Search engines are your ultimate blind visitors. They don’t see JavaScript, stumble over framesets, ignore CSS, feel around HTML-tags and leave them alone, choke on Flash. All they really want to see is content. And that content is plain text. Text that can be indexed, weighed, stored, chunked, ranked & retrieved. Or whatever it is they do…

So if you want a glimpse of what Google/Yahoo/MSN can really see in your pages take a look at the Search Engine Spider Simulator. It’ll take your page, strip off all HTML, media, links, meta-info and commonly used words. What is left is a resumé of all the unique words that are on your page.

Now if this simulator doesn’t return anything maybe that’s your explanation for not being indexed.
No content? Why bother.

Google Sitemaps weblog plugins

In the previous post I said that Google Sitemaps will accept your feeds just as well. And it does, no worries. But as I looked further into the dynamic generation of sitemaps I found there were WordPress plugins already available. (Just 3 days after the service went public. How’s that for a user community …)

Currently I have Arne Brachhold’s Google Sitemaps Generator v2 Final running. All I had to do was upload the plugin, activate it, make an empty sitemap.xml writable and I was up and running. You’ll get an extra administration page after activation where you can set a whole lot of options. We’ll see how this one fares.

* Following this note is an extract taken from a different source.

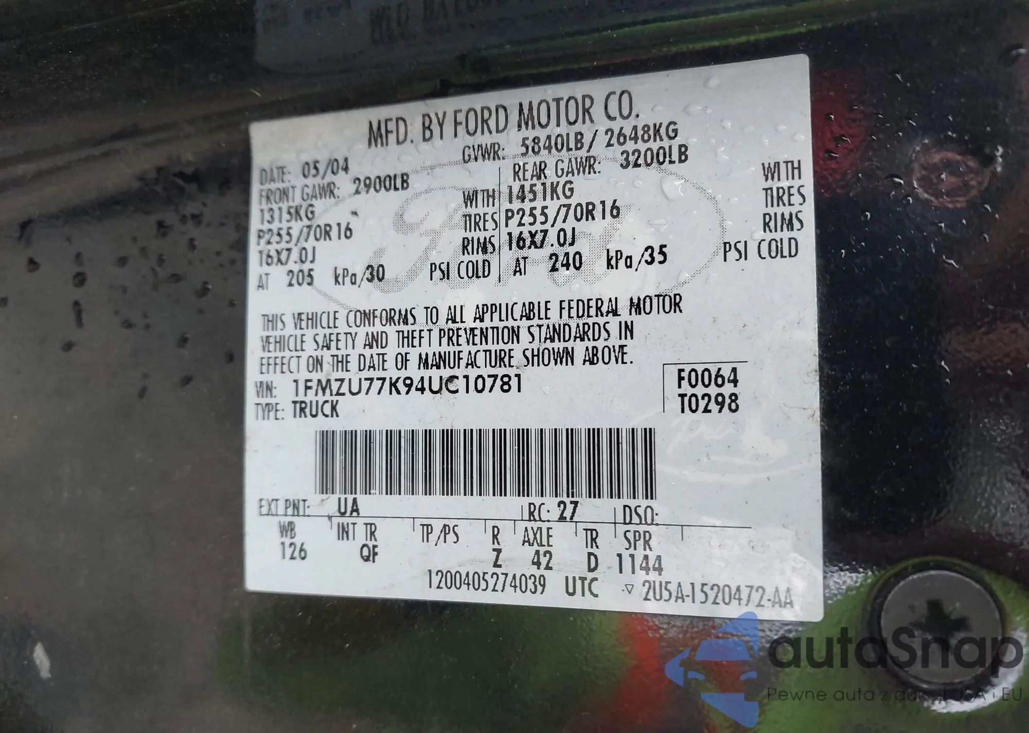 • VIN 1FMZU77K94UC10781

If that plugin doesn’t work for you. Dirk Zimmermann also has a plugin, although that one didn’t work out for me as I have my WP in a subdir (presumably).

People using Movable Type may want to look at Niall Kennedy’s Weblog.

Update: Arne Brachold’s Google Sitemap Generator for WordPress just bumped up to version 2.5. Good stuff: 1. you can now add external pages that aren’t generated with WordPress. 2. The plugin pings Google to notify them of an update. 3. The plugin has become multi-lingual.

Google Sitemaps (Beta)

To let webmasters help Google index their site better there is Google Sitemaps. Sounds like a good idea.

So how does it work?
First you need to have a Google account (having a GMail account is probably enough).
Second you need to create a Sitemap file in the root of your site. This is an XML file that lists all your indexable pages. Google even provides a generator for this file.
Third you have to tell Google where your sitemap file can be found.
Last, wait to see what Google does with the sitemap file.

I’m still stuck at the the second stage. The generator from Google requires Python to run. Unfortunately I can’t. I don’t like to update the file mannualy so I’d like this to be automated. If anyone knows of a good solution to generate sitemaps automatically. I’d love to hear about it.

Update: It seems that Google Sitemaps will accept RSS 2.0 and Atom 0.3 feeds as well. So for now I’ve added those. And looking at my logs I see Google visit some links.